Let $X$ be a topological space and let $\Omega=\Omega (X;a,b)$ be a path space of $X$ from $a\in X$ to $b\in X$ with a compact-open topology. For any $f\in \Omega$, we can consider a homotopy equivalence class $[f]$.
I want to prove or disprove that these classes are path components of $\Omega$.
I first tried to prove it is path connected based on the following sketch, but I'm not sure it is well proved.
Also I 'm stuck on proving $[f]\cup [g]$ is not path connected if $g\notin [f]$.

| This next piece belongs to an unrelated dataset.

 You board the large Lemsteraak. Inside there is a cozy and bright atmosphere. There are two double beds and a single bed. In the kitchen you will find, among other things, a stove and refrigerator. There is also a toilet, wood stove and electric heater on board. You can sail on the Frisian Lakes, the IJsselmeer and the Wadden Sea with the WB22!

(EDITED: I added my proof for the converse, but I'm not sure it is valid)
Any help will be appreciated.
$\forall g,h \in [f]$, there exists a continuous function $H:I^2\rightarrow X$ such that $H(t,0)=g(t), H(t,1)=h(t) \ \forall t \in I$
Then we can define $J:I\rightarrow \Omega \ $ by $J(s)(t)=H(t,s)$ and it suffices to show that $J$ is continuous.

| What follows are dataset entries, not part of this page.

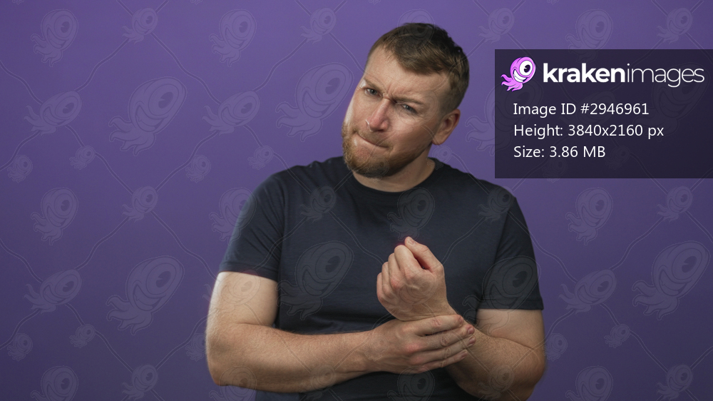 Young man clutching his wrist and wincing with visible hand pain in a studio against a deep purple backdrop; pain recovery treatment.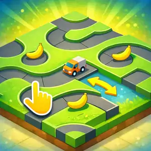 At first glance, it feels like a simple route puzzle—rotate a few streets, grab bananas, done. That assumption didn’t last long. The core mechanic revolves around redirecting street tiles while the car keeps moving, which means your decisions are always slightly delayed in effect. There’s roughly a 0.2–0.3 second window between switching a road and the car actually committing to that path, and that tiny delay ends up being everything.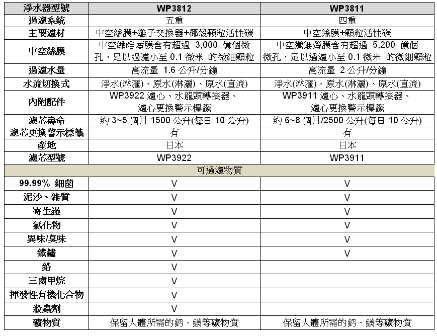 「飛利浦超濾龍頭式淨水器系列」,擁有獨特的超濾微米淨水科技,採用多重過濾系統,其中,超長效機款WP3811濾芯壽命達2500公升或6~8個月(濾芯壽命依照當地水質與水壓不同而有所增減期限),是目前同級中最長效機款,它擁有主要過濾層會先過濾較大的雜質如鐵鏽、沉澱物,再經過顆粒活性碳先微濾水質,將難聞的氯氣與異味濾除,接著進入輔助過濾層可擋住泥沙、微粒,進入中空絲膜後,藉由超過5200億個微孔,可有效過濾99.99%的細菌與鐵,足以過濾小至0.1微米的微細顆粒,藉由層層過濾,隔絕有害污染物,最後保留水中礦物質如鎂與鈣 。另一款高階機種WP3812則可過濾可溶解鉛。全系列技術規格符合日本工業標準(JIS),技術效能依據JFRL檢測分析報告。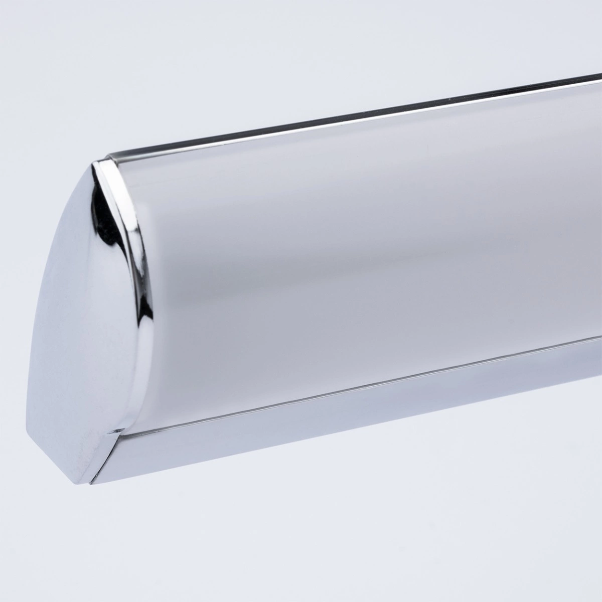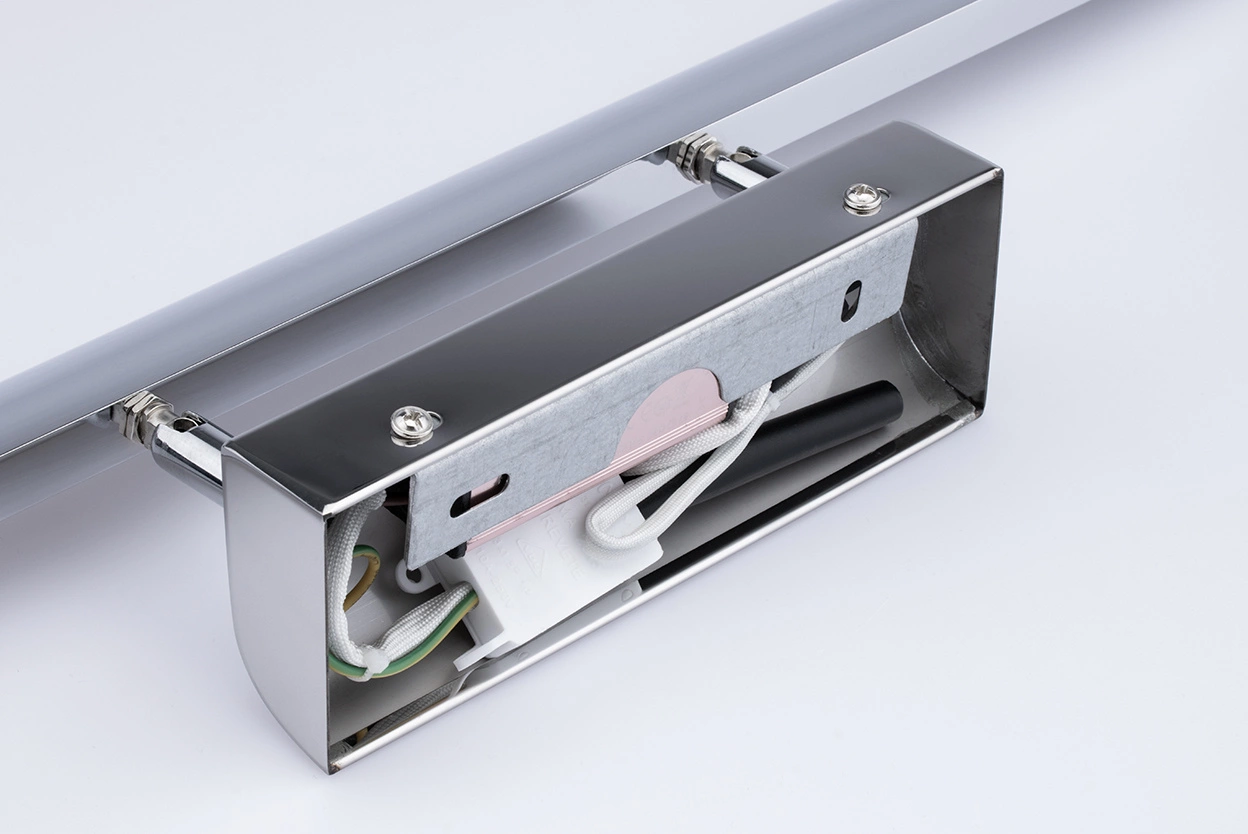 Die verchromte Wandleuchte mit eingebauten 12W LEDs ist eine hochwertige, energiesparende Lampe, die bei geringem Energieverbrauch einen Lichtstrom von 860lm abgibt . Es handelt sich also um eine effiziente Lichtquelle, die im Betrieb nur wenig Strom verbraucht.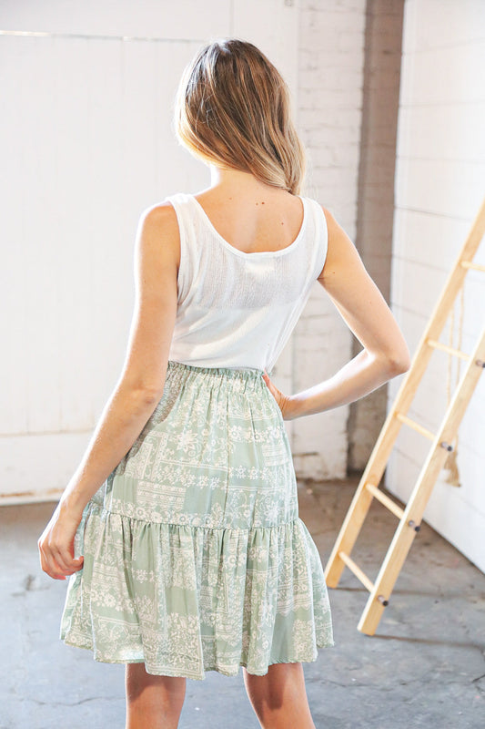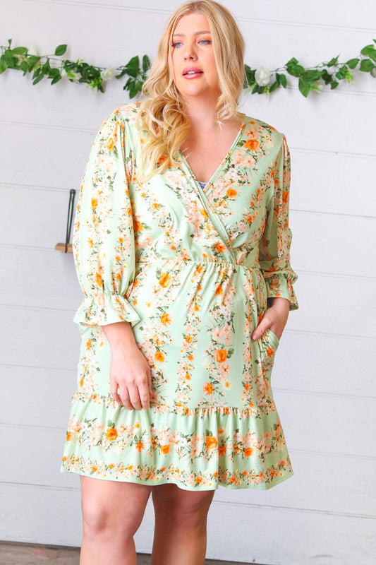Mint Floral Stripe Surplice Neck Ruffle Dress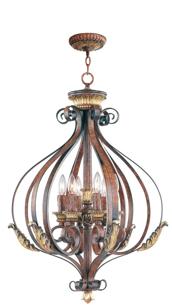 Villa Verona 6 Light 24 Inch Verona Bronze With Aged Gold Leaf Accents Foyer Ceiling Light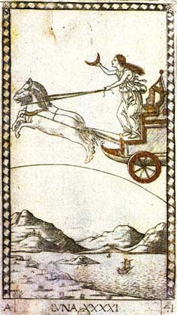 O Crescente, na mão da personagem, é atributo de Diana, a deusa grega associada à Lua. A carruagem indica seu rápido percurso pelo zodíaco e as águas representam o seu reino essencial. |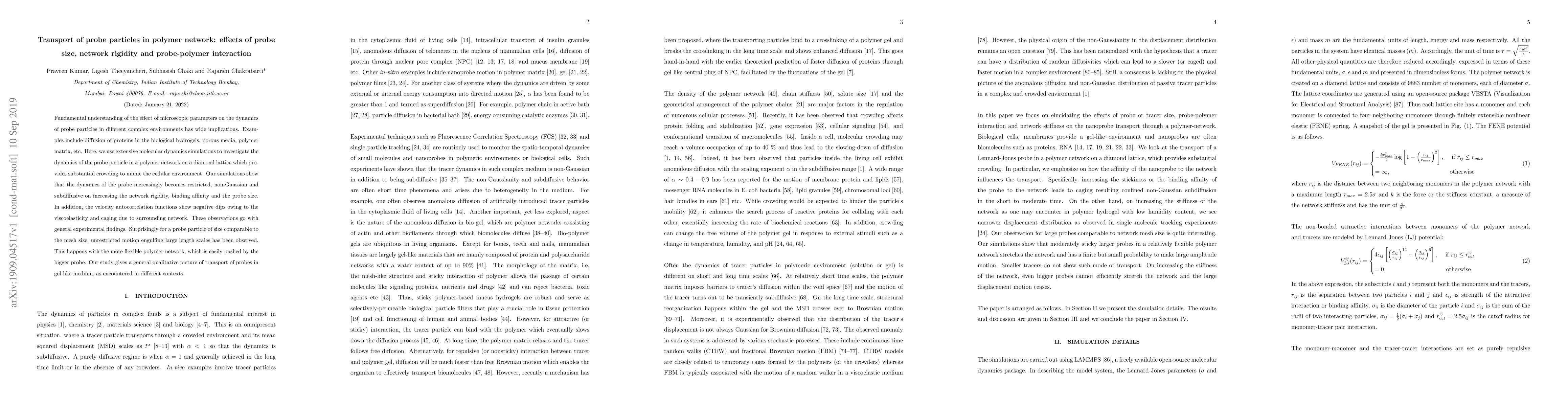 This research uses molecular dynamics simulations to explore how probe particle size, polymer network rigidity, and probe-polymer interactions affect particle dynamics in a crowded polymer network. The study finds that increased network rigidity, stronger binding affinity, and larger probe size lead to restricted, non-Gaussian, and subdiffusive probe dynamics, with notable exceptions for probes comparable to mesh size in more flexible networks.

For an open subset $U$ of $X$ and a compact subset $K$ of $I$, let $L_{K,U}=\{f\in \Omega:f(K)\subseteq U\}$. $\Rightarrow\forall s\in J^{-1}(L_{K,U}), K\times \{s\} \subseteq H^{-1}(U)^{open}\subseteq I^2$
By the tube lemma, $\exists V^{open}$ such that $K\times V \subseteq H^{-1}(U)^{open}$ and $s\in V$.

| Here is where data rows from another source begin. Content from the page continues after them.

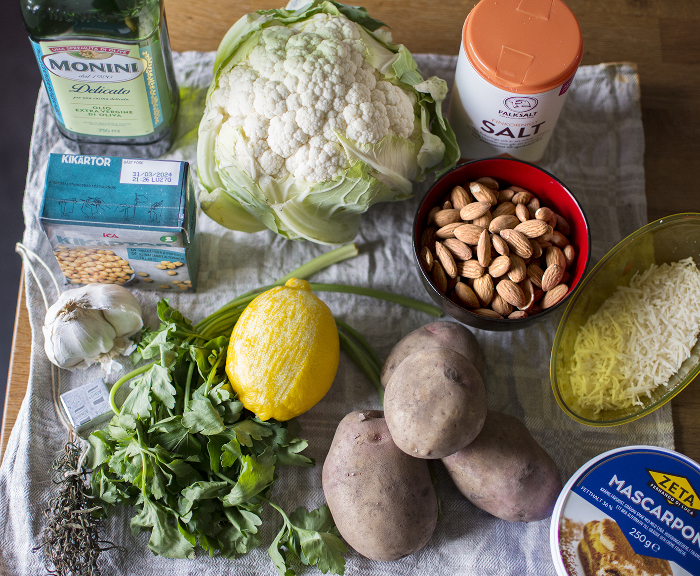 Värm ugnen till 250 grader. Ansa blomkålen, skär bort rotstocken, skölj och skär resten i grova bitar. Skala och skär potatisen i mindre bitar. Skala vitlöken. Lägg allt i en ugnsform och ringla på olivolja. Strö över salt och rosmarin. Rosta mitt i ugnen.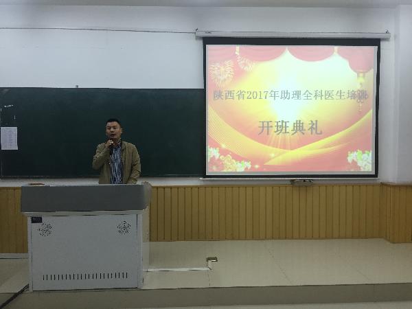 首先,省卫计委科教处文动老师从国家和陕西省各项政策文件等方面介绍了该培训项目以及其重要意义。同时对我校继续教育学院长期以来的各项培训工作给予了高度的评价和肯定。他要求学员们要严格遵守学校的各项规章制度,顺利完成本期培训。也希望学员们做好自己的职业生涯规划,学校要有重点的、有针对性的安排好教学、后勤保障和各项服务工作,做好实训基地的各项安排工作。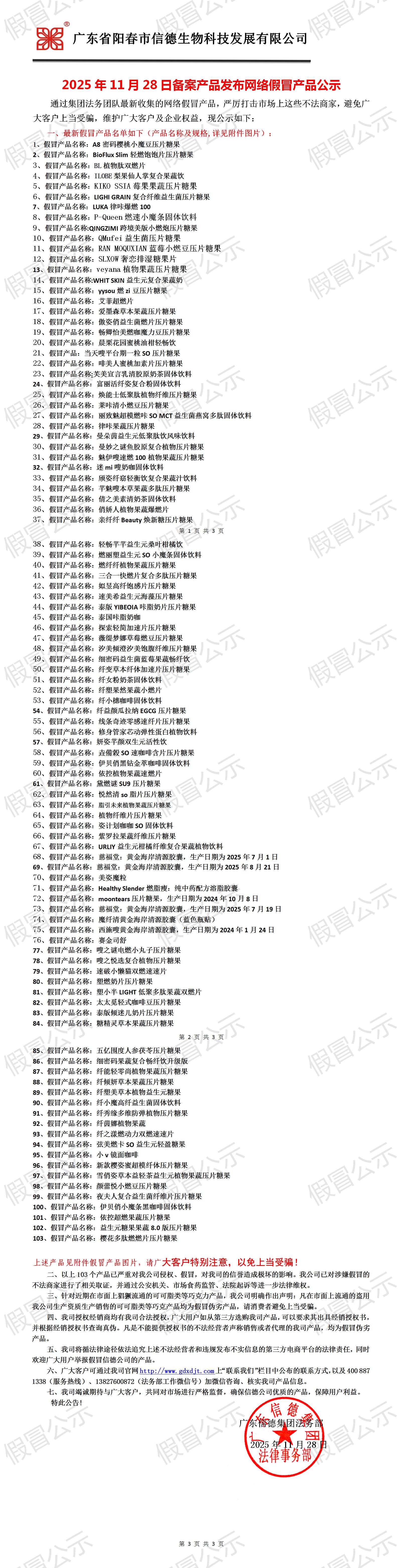 2025年11月28日备案产品发布网络假冒产品公示!!!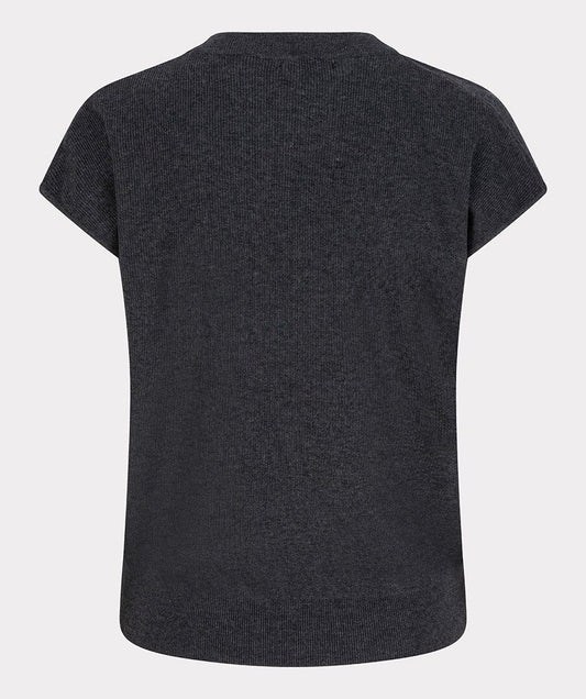Ribbed Short Sleeve Top with Studs - Dark Grey Melange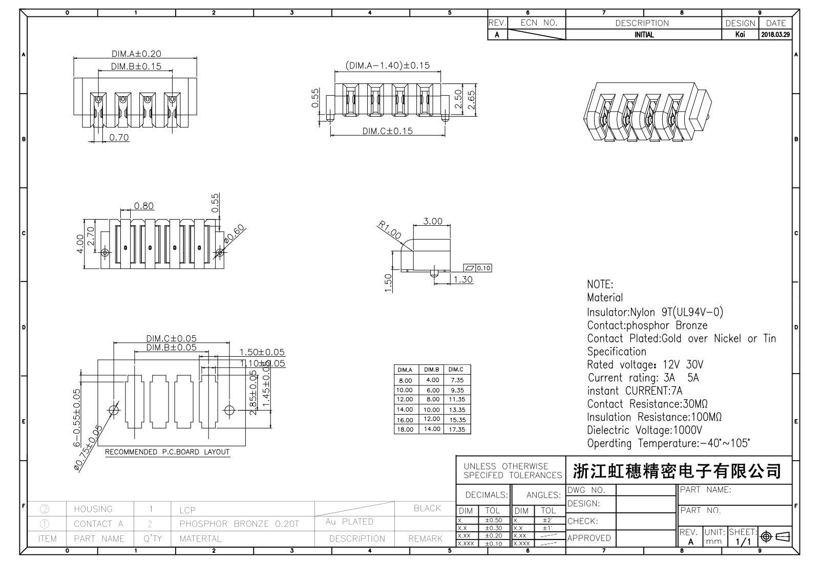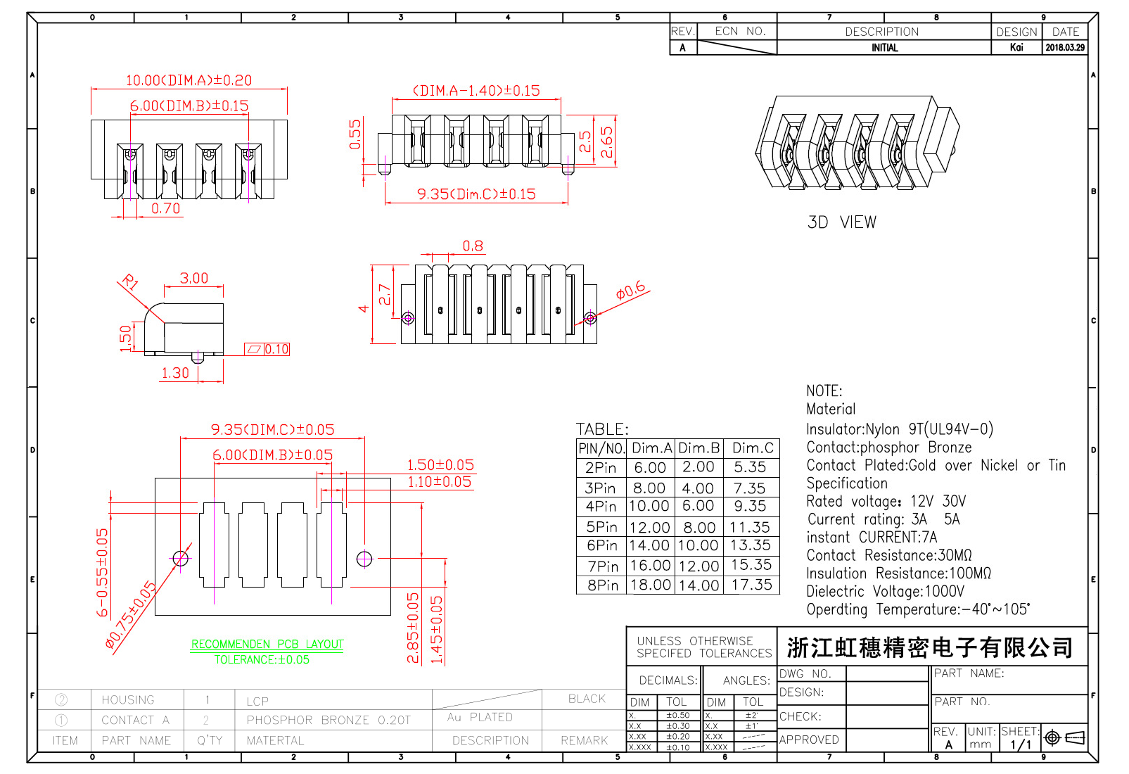 絕緣主體:Nylon 6T/9TUL94V-0

Since $V\subseteq J^{-1}(L_{K,U})$,$\ J$ is continuous.
Conversely, suppose there exists a continuous function $J:I\rightarrow \Omega$ such that $J(0)=f$ and $J(1)=g$. Define $H:I^2\rightarrow X$ by $H(t,s)=J(s)(t)$.
Claim $H$ is continuous on $I^2$.
For given $U^{open} \subseteq X$, consider $(t,s)\in H^{-1}(U)$.
Put $P=J(s)^{-1}(U)^{open} \subseteq I; Q=J^{-1}(L_{K,U})^{open}\subseteq I$ where $K$ is the closure of $P$, a compact subset of $I$. Then $(t,s)\in P\times Q\subseteq H^{-1}(U)$. Thus $H$ is continuous and the equivalence class should be a path component.
For any spaces $X$, $Y$, and $Z$, a map $f:X\times Y\to Z$ induces a map $\hat f:X\to Z^Y$, where $Z^Y$ denotes the space of maps $Y\to Z$ equipped with the compact-open topology. The proof you gave for the case $X=Y=I$ applies also to the general case, and the main ingredient is the tube lemma.
Now given a map $g:X\to Z^Y$, we may define the function $\bar g:X\times Y\to Z,\, (x,y)\mapsto g(x)(y)$. This function, however, need not be a continuous map. If we want any map $g$ to imply a map $\bar g$, then setting $X=Z^Y$ and $g=1_X$, we see that $\overline{1_X}:(f,y)\mapsto 1_X(f)(y)=f(y)$ must be continuous. On the other hand, if $\varepsilon:(f,y)\mapsto f(y)$, is a map, then given any map $g$, this induces a continuous $\bar g$, as we may write $\bar g$ as the composite $\varepsilon(g\times 1_Y)$.
The proof you gave in the comments already captured the main reason for $\varepsilon$ to be continuous, namely that when $f(y)\in U$, we can find a compact neighborhood $W$ of $y$ such that $f(W)\subseteq U$, and then $L_{W,U}\times W$ is the desired neighborhood of $(f,y)$ such that $\varepsilon$ sends this to $U$.